(Extracted records)
+++
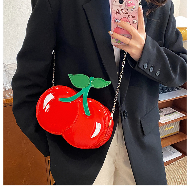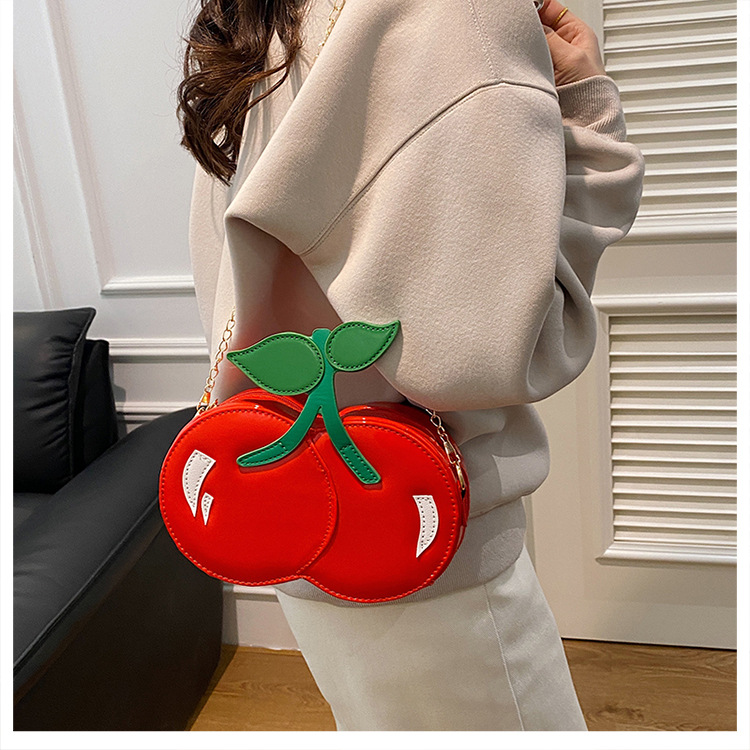 개인화 된 체리 모양의 작은 가방 2025 새로운 스타일의 작은 신선한 예술적 소녀 귀여운 어깨 크로스 바디 과일 가방 유행스토어 가기
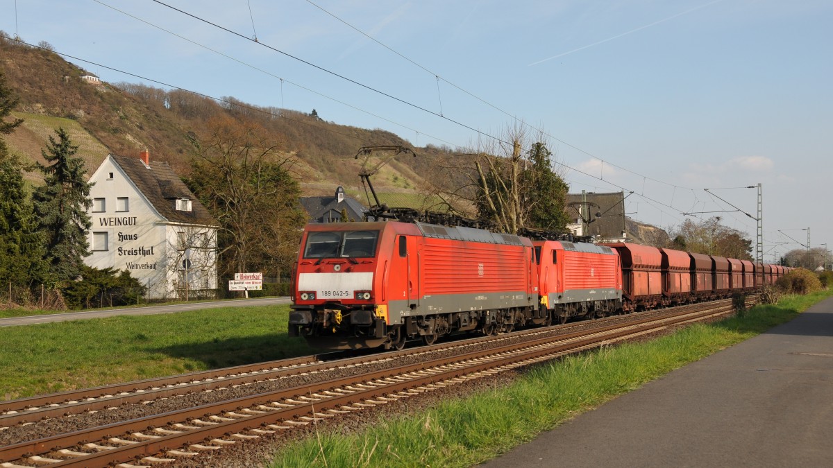 189 042-5 und Schwesterlok unterwegs Richtung Köln auf der linken Rheinstrecke. Aufgenommen am 09/04/2015 in Leutesdorf. (alla foto)
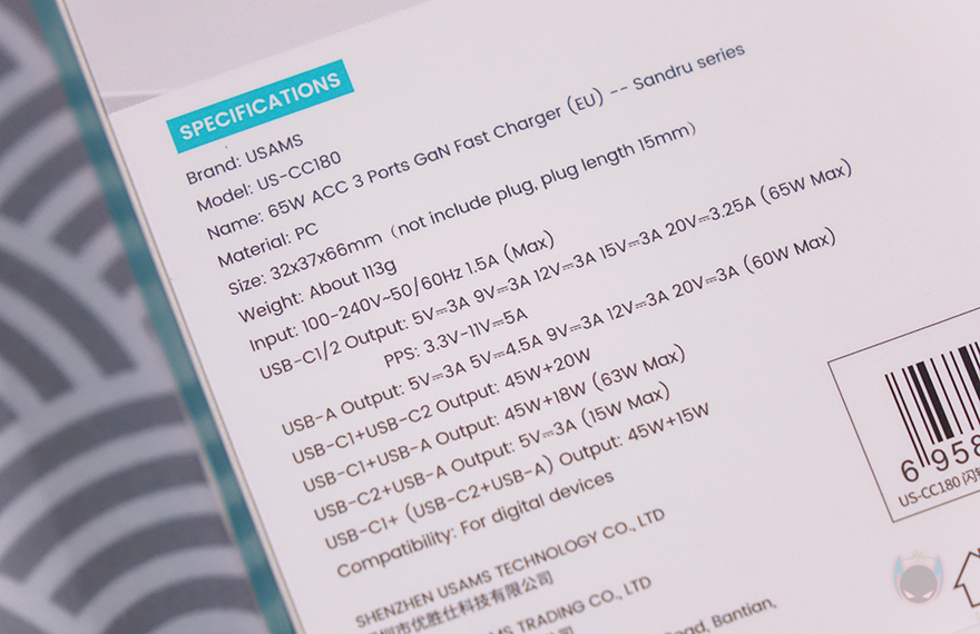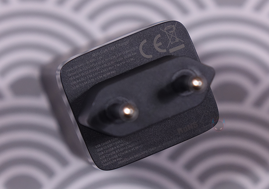 충전기를 좀 더 자세히 살펴보면, 한쪽 측면에는 USAMS 로고(Logo)를 새겨놨으며, 로고 기준 바로 오른쪽 측면에는 65W 충전표기를 해놨습니다. 그리고, 상단부분에는 USB 포트가 배치되어 있는데, 앞서 박스 패키지에서 확인했듯이, USB 포트는 총 3개 구성으로 개봉시에는 포트부분에도 보호비닐이 부착되어 있으며, 제거를 하면 무광의 메탈그레이 색상을 확인할 수 있습니다. 각 포트의 출력 지원은 싱글(Single) 1개만 사용할 때는 Type-C 포트는 최대 65W, Type-A도 60W까지 지원하며, 포트를 2개 사용할 때는 Type-C 2포트는 45+20W, Type-C1 + A 경우는 45+18W, Type-C2 + A경우는 각각 15W입니다. 그리고, 3개 모두 사용할 때는 45+15W를 출력합니다. 물론, 콘센트에 연결되는 플러그부분에 각 포트별 출력 표시를 해놨기때문에 사용전에 참고하면 되고, EU 플러그는 한국에서도 220V와 호환되죠.
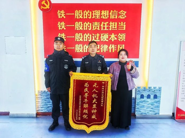3月16日,群众专程将一面印有“无人机大显神威,为民寻牛解烦忧”的锦旗送到大队,对特巡警大队快速反应、高效为民办实事的工作作风表示衷心感谢。
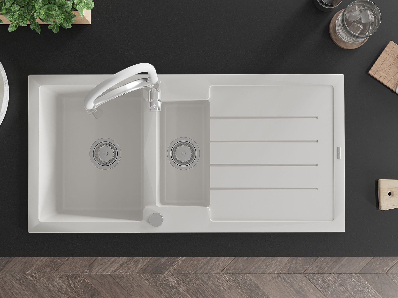 La surface de l'évier est très bien trempée et se distingue par une résistance exceptionnelle aux dommages mécaniques et aux rayures. Ce matériau durable vous permettra de profiter de son bel aspect pendant de nombreuses années.
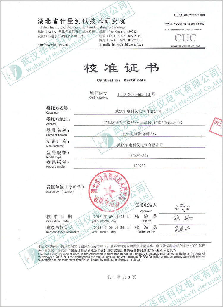 HDKZC-50A直流電阻快速測(cè)試儀校準(zhǔn)證書(shū)
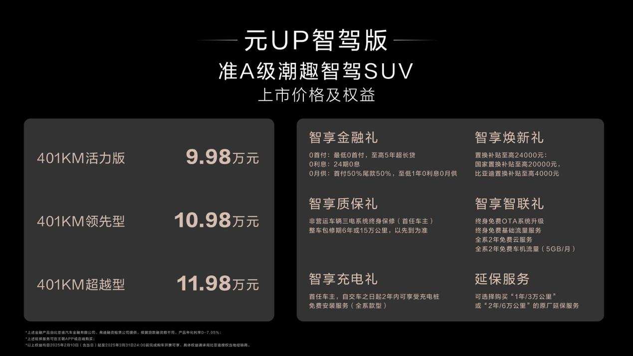 据悉,在2025年3月31日前购元UP智驾版,可享包括智享智联礼在内的多项新车上市权益,享受终身免费OTA系统升级、终身免费基础流量服务、全系2年免费云服务、全系2年免费车机流量,进一步拉低了用户享受高阶智驾的门槛。
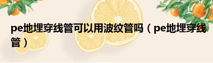 pe地埋穿线管可以用波纹管吗(pe地埋穿线管)
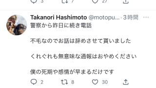 橋本崇載さん再び発狂中、警察にも怒られてる模様😰
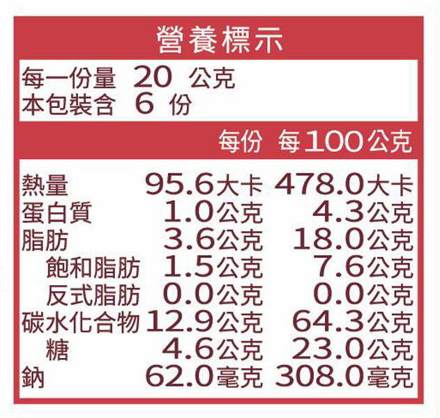 花蓮糙米、海藻糖、麥芽、棕櫚油(非氫氧化植物油)、洛神花粉、海鹽
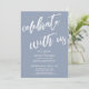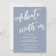 La distinction de cette suite est due à la police de caractères moderne et manuscrite utilisée pour les phrases d'accentuation. Dans ce morceau, la police de caractères manuscrite a été utilisée pour créer un graphique représentant les mots "célébrez avec nous". Utilisez les champs du modèle pour ajouter vos informations personnelles et rendre ce design moderne unique vôtre. Le fond bleu poussiéreux peut être changé en n'importe quelle couleur que vous préférez. N'hésitez pas à nous contacter pour toute demande spéciale ou pour une aide à la personnalisation. // 100 //
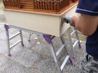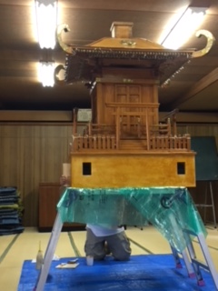 一年ぶりに神輿を倉庫から運んで修繕と塗装
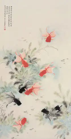 - Goldfish and Lotus, ink and color on paper, c. 1920, Palace Museum, Beijing, China.[1]
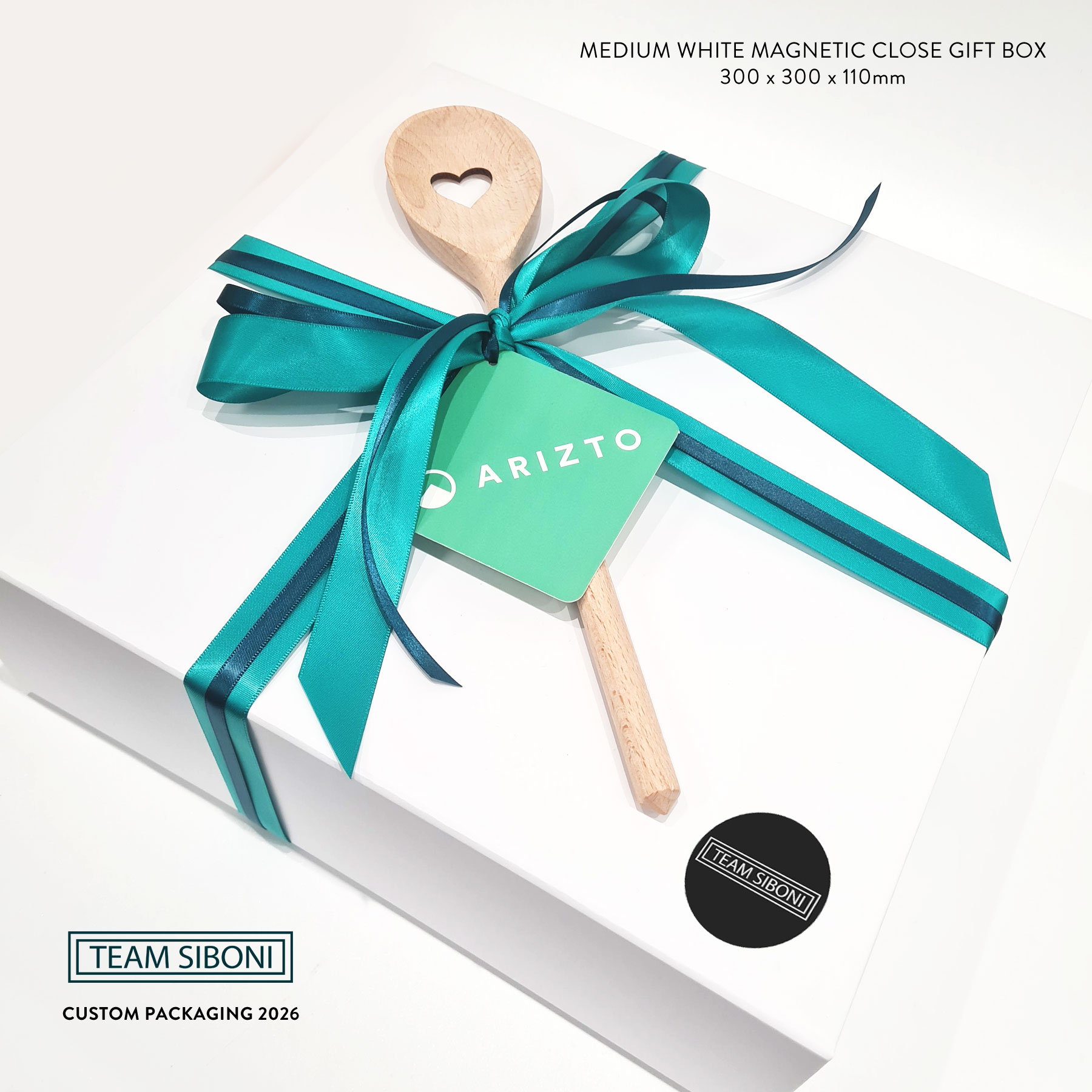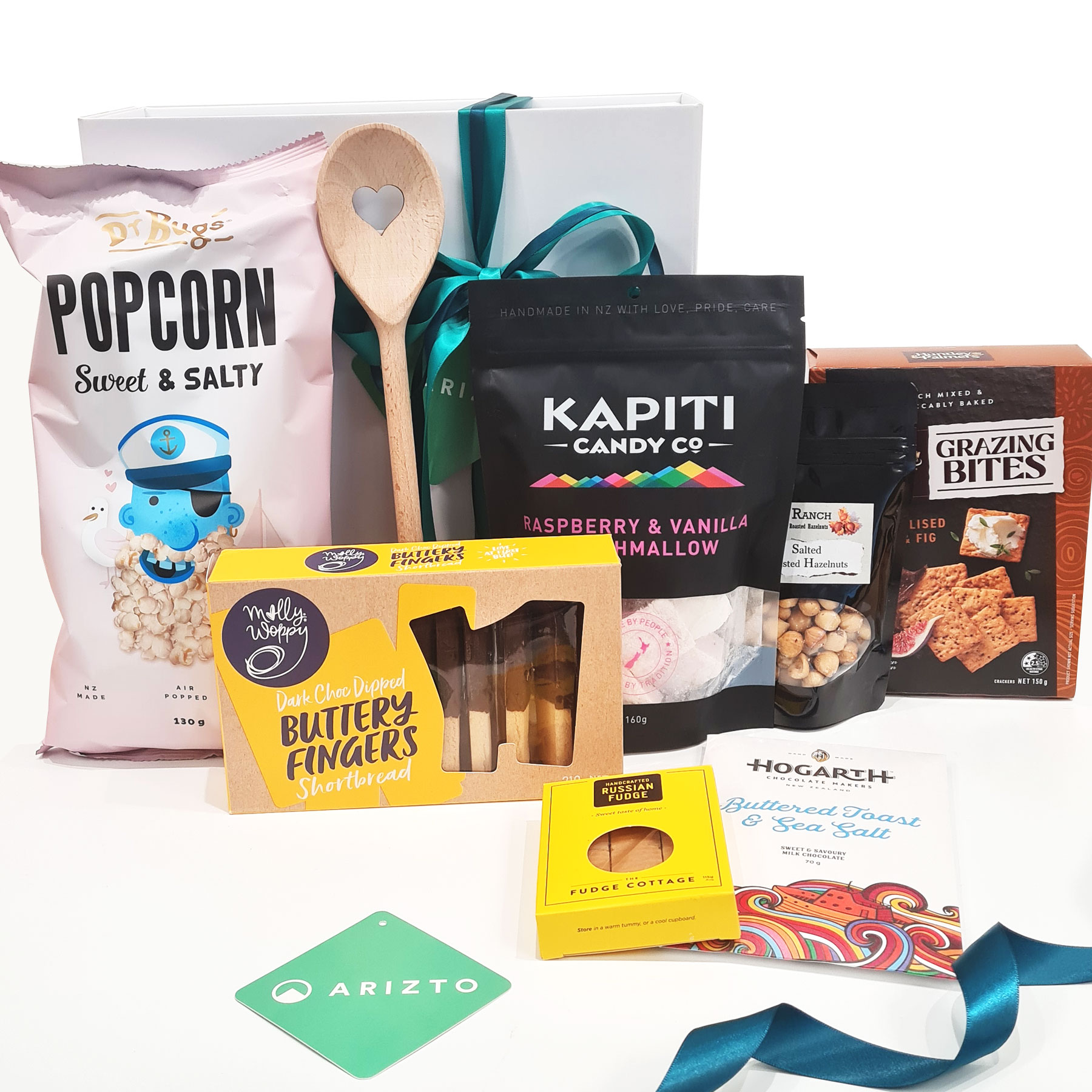 Mix of sweet & savoury nibbles and heart spoon on the exterior of the gift box. You can easily switch the heart spoon for another treat if you wish 🙂
+++
# What you need to do:
Set down the entries above word for word, but drop any image.

# Result for this exercise:
 개인화 된 체리 모양의 작은 가방 2025 새로운 스타일의 작은 신선한 예술적 소녀 귀여운 어깨 크로스 바디 과일 가방 유행스토어 가기
 189 042-5 und Schwesterlok unterwegs Richtung Köln auf der linken Rheinstrecke. Aufgenommen am 09/04/2015 in Leutesdorf. (alla foto)
 충전기를 좀 더 자세히 살펴보면, 한쪽 측면에는 USAMS 로고(Logo)를 새겨놨으며, 로고 기준 바로 오른쪽 측면에는 65W 충전표기를 해놨습니다. 그리고, 상단부분에는 USB 포트가 배치되어 있는데, 앞서 박스 패키지에서 확인했듯이, USB 포트는 총 3개 구성으로 개봉시에는 포트부분에도 보호비닐이 부착되어 있으며, 제거를 하면 무광의 메탈그레이 색상을 확인할 수 있습니다. 각 포트의 출력 지원은 싱글(Single) 1개만 사용할 때는 Type-C 포트는 최대 65W, Type-A도 60W까지 지원하며, 포트를 2개 사용할 때는 Type-C 2포트는 45+20W, Type-C1 + A 경우는 45+18W, Type-C2 + A경우는 각각 15W입니다. 그리고, 3개 모두 사용할 때는 45+15W를 출력합니다. 물론, 콘센트에 연결되는 플러그부분에 각 포트별 출력 표시를 해놨기때문에 사용전에 참고하면 되고, EU 플러그는 한국에서도 220V와 호환되죠.
3月16日,群众专程将一面印有“无人机大显神威,为民寻牛解烦忧”的锦旗送到大队,对特巡警大队快速反应、高效为民办实事的工作作风表示衷心感谢。
 La surface de l'évier est très bien trempée et se distingue par une résistance exceptionnelle aux dommages mécaniques et aux rayures. Ce matériau durable vous permettra de profiter de son bel aspect pendant de nombreuses années.
 HDKZC-50A直流電阻快速測(cè)試儀校準(zhǔn)證書(shū)
 据悉,在2025年3月31日前购元UP智驾版,可享包括智享智联礼在内的多项新车上市权益,享受终身免费OTA系统升级、终身免费基础流量服务、全系2年免费云服务、全系2年免费车机流量,进一步拉低了用户享受高阶智驾的门槛。
 pe地埋穿线管可以用波纹管吗(pe地埋穿线管)
 橋本崇載さん再び発狂中、警察にも怒られてる模様😰
 花蓮糙米、海藻糖、麥芽、棕櫚油(非氫氧化植物油)、洛神花粉、海鹽
 La distinction de cette suite est due à la police de caractères moderne et manuscrite utilisée pour les phrases d'accentuation. Dans ce morceau, la police de caractères manuscrite a été utilisée pour créer un graphique représentant les mots "célébrez avec nous". Utilisez les champs du modèle pour ajouter vos informations personnelles et rendre ce design moderne unique vôtre. Le fond bleu poussiéreux peut être changé en n'importe quelle couleur que vous préférez. N'hésitez pas à nous contacter pour toute demande spéciale ou pour une aide à la personnalisation. // 100 //
 一年ぶりに神輿を倉庫から運んで修繕と塗装
 - Goldfish and Lotus, ink and color on paper, c. 1920, Palace Museum, Beijing, China.[1]
 Mix of sweet & savoury nibbles and heart spoon on the exterior of the gift box. You can easily switch the heart spoon for another treat if you wish 🙂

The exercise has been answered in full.